Penny hesitated, and then said, “Yes.” 

“O-oh, that’s…” Ruby leaned in closer, her eyes momentarily starting to slide shut, as if she’d briefly been falling asleep. “Is cuddling a thing married couples do, too?” 

“According to my research, I believe that is accurate.” 

“Can I cuddle you?” Ruby said immediately, leaning even closer, her eyes going wide. “As practice, I mean! It’s just like a really long hug, right?”

“Absolutely, and absolutely!” Penny said. It was such a relief that Ruby was so eager to put on a good performance. And Penny found herself full of eagerness too, but that was to be expected when her freedom was at stake. It most certainly had nothing to do with how she was in close physical proximity with Ruby Rose, her proximity sensors registering that presence as a constant, comforting hum. 

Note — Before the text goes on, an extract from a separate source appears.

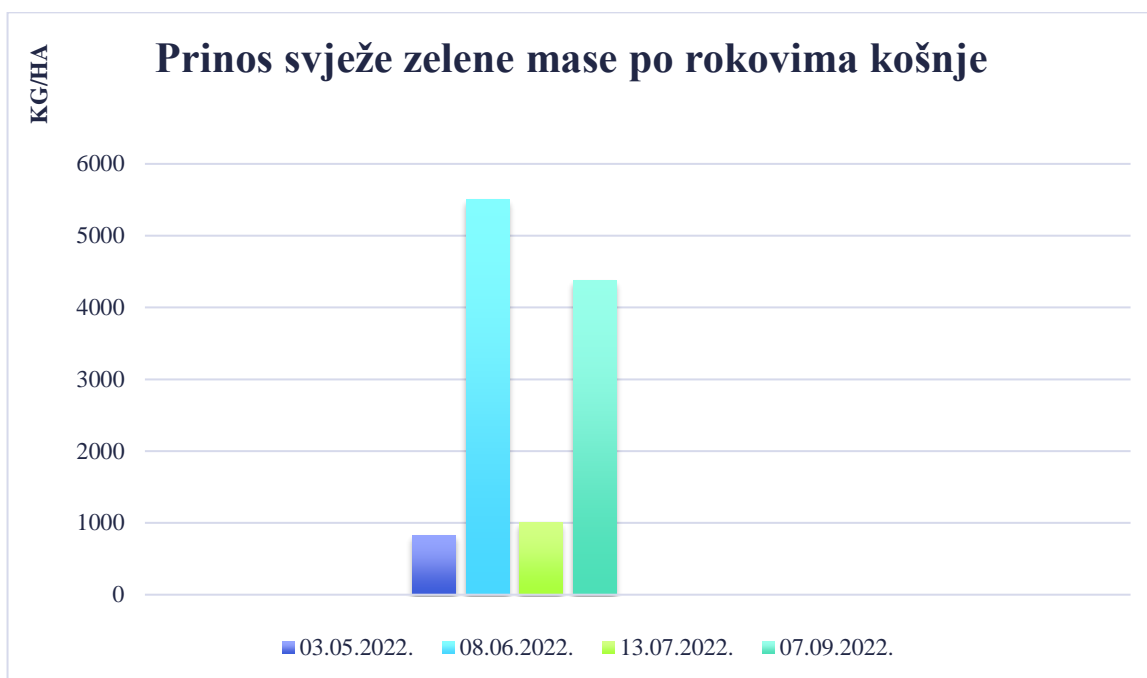
Grafikon 1. Prinos svježe zelene mase

Najveći prinos svježe zelene mase i suhe tvari dobili smo u drugom otkosu 08.06.2022. kada je vlasulja trstikasta bili u vegetativnoj fazi. Prinos vlasulje trstikaste u drugom otkosu iznosio je 5.500 kg/ha odnosno 1.320 kg ST /ha.
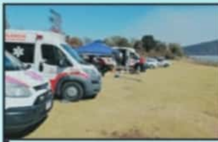
PARTICIPA EN RESCATE PERSONAL DE PROTECCIÓN CIVIL MUNICIPAL DE QUIROGA, TZINTZUNTZAN Y PÁTZCUARO.

Ruby leaned forward, pressing her entire upper body against Penny. Her arms wrapped around Penny for the second time in twenty hours. 

“Oh, this feels nice,” she said, letting out a little sigh. “You really are… so warm, Penny, I don’t know how I never noticed before!” 

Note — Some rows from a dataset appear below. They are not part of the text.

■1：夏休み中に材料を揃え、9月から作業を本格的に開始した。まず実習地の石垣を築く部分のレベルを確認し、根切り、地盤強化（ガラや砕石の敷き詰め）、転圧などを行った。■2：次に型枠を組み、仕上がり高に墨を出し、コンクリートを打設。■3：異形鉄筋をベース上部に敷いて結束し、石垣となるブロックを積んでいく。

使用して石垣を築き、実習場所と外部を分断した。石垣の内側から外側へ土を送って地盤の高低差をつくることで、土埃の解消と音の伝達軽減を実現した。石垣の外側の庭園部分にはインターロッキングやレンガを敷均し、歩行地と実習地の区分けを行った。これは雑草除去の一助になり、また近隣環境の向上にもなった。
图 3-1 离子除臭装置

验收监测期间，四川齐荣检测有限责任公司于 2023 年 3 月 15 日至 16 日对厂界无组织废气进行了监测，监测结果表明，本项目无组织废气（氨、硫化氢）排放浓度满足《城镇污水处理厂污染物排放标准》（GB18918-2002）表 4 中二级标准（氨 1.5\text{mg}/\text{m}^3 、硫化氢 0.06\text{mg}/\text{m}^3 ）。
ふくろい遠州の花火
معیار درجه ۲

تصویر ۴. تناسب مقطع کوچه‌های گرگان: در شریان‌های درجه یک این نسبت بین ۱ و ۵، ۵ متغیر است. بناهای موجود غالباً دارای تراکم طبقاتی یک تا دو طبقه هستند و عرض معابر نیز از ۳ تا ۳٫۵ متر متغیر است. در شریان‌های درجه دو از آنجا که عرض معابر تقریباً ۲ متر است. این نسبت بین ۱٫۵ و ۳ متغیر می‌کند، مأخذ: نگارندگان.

“I usually try to keep my internal temperatures as low and shielded as I can, but today my nervousness has been driving up the temperature without reprieve. I am sorry.” 

“No, don’t be sorry, I love it!” Ruby snuggled her face into Penny’s side and let out another little sigh. “You’re… Penny, can I be honest about something? Even if we weren’t getting married, I’d still want to cuddle you. You’re just so warm!” She reached up and poked at a curl of Penny’s hair. “And fluffy. And sweet. Like a freshly made pancake.” 

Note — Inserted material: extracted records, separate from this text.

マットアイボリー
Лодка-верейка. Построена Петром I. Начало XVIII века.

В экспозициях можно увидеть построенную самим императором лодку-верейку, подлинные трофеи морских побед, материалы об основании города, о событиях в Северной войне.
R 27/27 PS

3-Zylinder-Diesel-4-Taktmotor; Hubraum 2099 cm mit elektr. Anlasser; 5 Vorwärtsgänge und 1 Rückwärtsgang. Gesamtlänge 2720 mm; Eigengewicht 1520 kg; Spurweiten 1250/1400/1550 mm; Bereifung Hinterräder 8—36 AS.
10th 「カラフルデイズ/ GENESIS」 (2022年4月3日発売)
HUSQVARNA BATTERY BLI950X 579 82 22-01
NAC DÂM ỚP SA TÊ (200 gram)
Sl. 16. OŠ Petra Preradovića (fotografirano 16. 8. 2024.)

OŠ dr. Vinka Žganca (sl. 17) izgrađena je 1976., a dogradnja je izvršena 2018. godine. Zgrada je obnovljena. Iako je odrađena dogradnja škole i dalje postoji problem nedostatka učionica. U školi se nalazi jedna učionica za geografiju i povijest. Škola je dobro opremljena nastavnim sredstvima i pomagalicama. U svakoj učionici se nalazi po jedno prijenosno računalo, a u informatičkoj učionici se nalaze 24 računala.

Penny was having some trouble processing that analogy, but she decided not to worry about it. What really mattered was that something about the words made her processors cycle wildly in a way which felt decidedly nice. 

“You are also like a breakfast food to me, Ruby Rose!” she said finally. 

Ruby giggled again, and then shifted her position, flopping herself down in Penny’s lap so that her head was nestled on Penny’s thighs. “So, what else do married couples do?” she said, gently poking Penny’s cheek. 

“Well, they enjoy each other’s presence deeply…” 

“Good thing we already do that!” 

“They usually want to spend the rest of their lives together. Did you know that some marriage vows specifically say till death do us part?”  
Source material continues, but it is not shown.